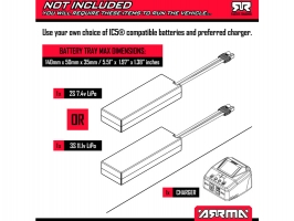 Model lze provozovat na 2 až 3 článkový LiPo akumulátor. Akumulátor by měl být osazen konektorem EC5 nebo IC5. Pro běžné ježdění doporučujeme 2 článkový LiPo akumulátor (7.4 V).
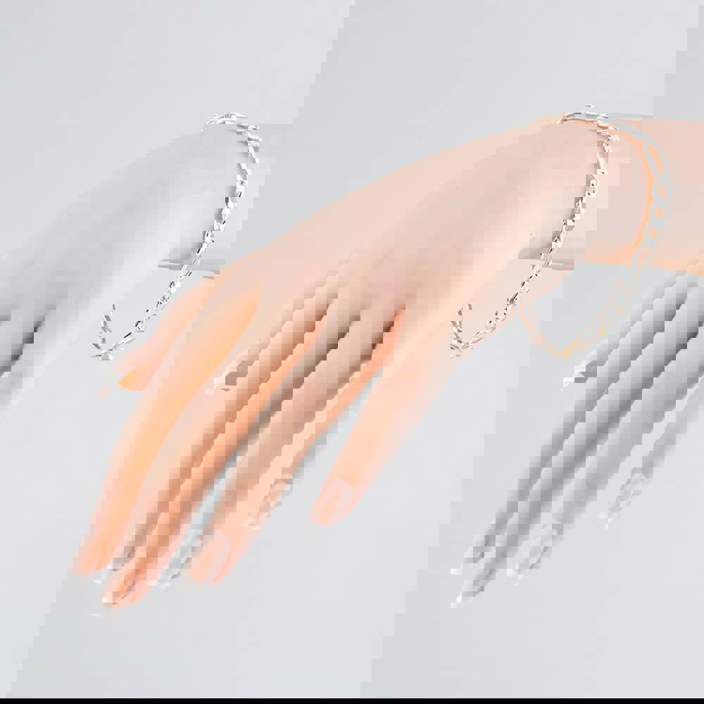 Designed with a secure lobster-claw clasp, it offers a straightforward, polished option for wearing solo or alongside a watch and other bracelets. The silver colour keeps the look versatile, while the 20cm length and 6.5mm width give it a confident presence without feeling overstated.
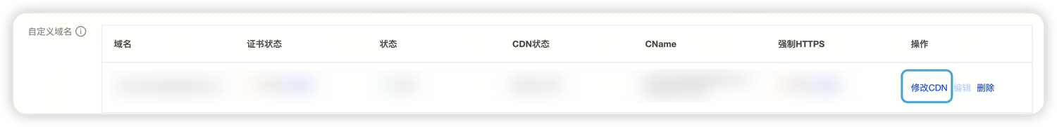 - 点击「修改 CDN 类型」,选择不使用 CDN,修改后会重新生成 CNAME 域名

---

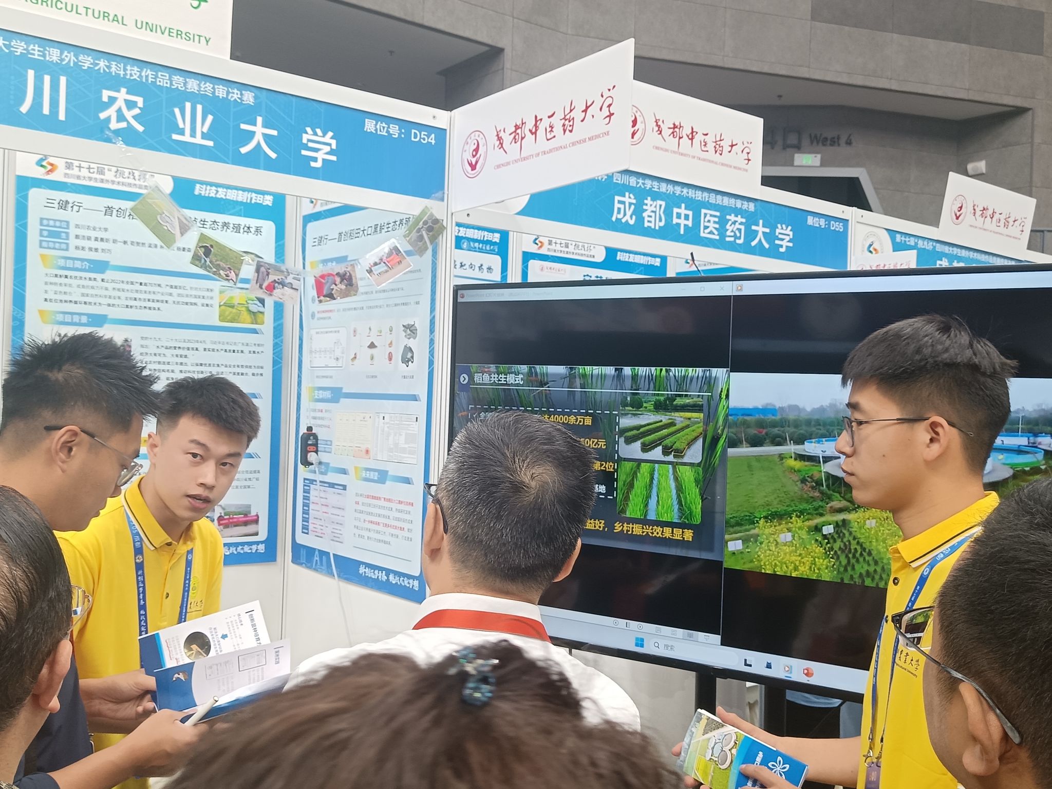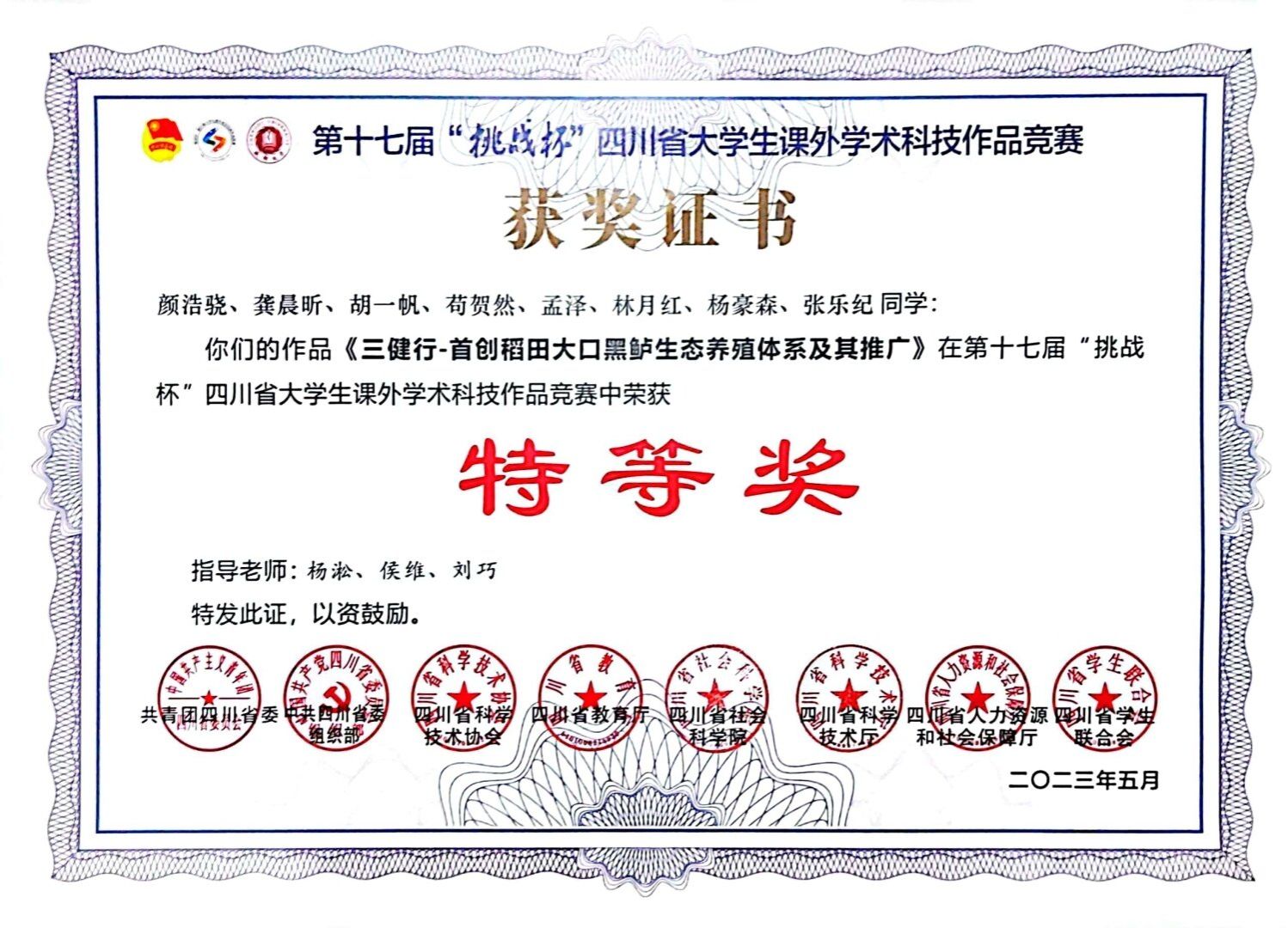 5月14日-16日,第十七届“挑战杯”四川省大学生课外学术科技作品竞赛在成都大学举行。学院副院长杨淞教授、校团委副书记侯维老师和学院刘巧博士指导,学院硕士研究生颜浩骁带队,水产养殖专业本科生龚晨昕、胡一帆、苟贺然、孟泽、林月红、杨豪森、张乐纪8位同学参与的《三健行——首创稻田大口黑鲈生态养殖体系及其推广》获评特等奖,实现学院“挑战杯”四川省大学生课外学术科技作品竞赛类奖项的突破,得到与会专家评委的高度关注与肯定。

* * *

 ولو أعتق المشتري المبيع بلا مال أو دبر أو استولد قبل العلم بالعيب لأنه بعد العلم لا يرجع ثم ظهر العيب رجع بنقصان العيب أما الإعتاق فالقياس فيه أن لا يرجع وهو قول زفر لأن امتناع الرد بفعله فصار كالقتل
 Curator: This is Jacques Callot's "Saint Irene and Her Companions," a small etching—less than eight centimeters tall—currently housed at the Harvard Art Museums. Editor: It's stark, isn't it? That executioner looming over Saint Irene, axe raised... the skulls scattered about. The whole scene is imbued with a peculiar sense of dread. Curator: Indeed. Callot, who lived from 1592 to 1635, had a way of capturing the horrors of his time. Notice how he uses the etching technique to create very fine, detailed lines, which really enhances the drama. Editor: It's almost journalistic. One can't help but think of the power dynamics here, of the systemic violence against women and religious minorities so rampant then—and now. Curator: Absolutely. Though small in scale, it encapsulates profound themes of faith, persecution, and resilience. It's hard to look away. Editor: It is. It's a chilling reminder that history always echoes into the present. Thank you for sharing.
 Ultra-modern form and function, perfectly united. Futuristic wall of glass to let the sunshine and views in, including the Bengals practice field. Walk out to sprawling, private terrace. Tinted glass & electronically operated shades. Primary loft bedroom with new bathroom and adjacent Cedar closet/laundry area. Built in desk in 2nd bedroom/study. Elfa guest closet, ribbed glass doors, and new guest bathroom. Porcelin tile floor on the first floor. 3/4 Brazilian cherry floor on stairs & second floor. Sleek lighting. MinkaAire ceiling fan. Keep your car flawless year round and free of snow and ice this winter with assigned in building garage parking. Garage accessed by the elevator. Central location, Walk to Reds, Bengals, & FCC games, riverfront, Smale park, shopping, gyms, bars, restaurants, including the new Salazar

● **INSTRUCTIONS FOR THE TASK**: The entries above hold the needed span. Transcribe exactly the lines from the one with "ولو أعتق المشتري" to the one with "Curator: This is", both included.

● **SOLUTION FOR THIS EXERCISE**:
 ولو أعتق المشتري المبيع بلا مال أو دبر أو استولد قبل العلم بالعيب لأنه بعد العلم لا يرجع ثم ظهر العيب رجع بنقصان العيب أما الإعتاق فالقياس فيه أن لا يرجع وهو قول زفر لأن امتناع الرد بفعله فصار كالقتل
 Curator: This is Jacques Callot's "Saint Irene and Her Companions," a small etching—less than eight centimeters tall—currently housed at the Harvard Art Museums. Editor: It's stark, isn't it? That executioner looming over Saint Irene, axe raised... the skulls scattered about. The whole scene is imbued with a peculiar sense of dread. Curator: Indeed. Callot, who lived from 1592 to 1635, had a way of capturing the horrors of his time. Notice how he uses the etching technique to create very fine, detailed lines, which really enhances the drama. Editor: It's almost journalistic. One can't help but think of the power dynamics here, of the systemic violence against women and religious minorities so rampant then—and now. Curator: Absolutely. Though small in scale, it encapsulates profound themes of faith, persecution, and resilience. It's hard to look away. Editor: It is. It's a chilling reminder that history always echoes into the present. Thank you for sharing.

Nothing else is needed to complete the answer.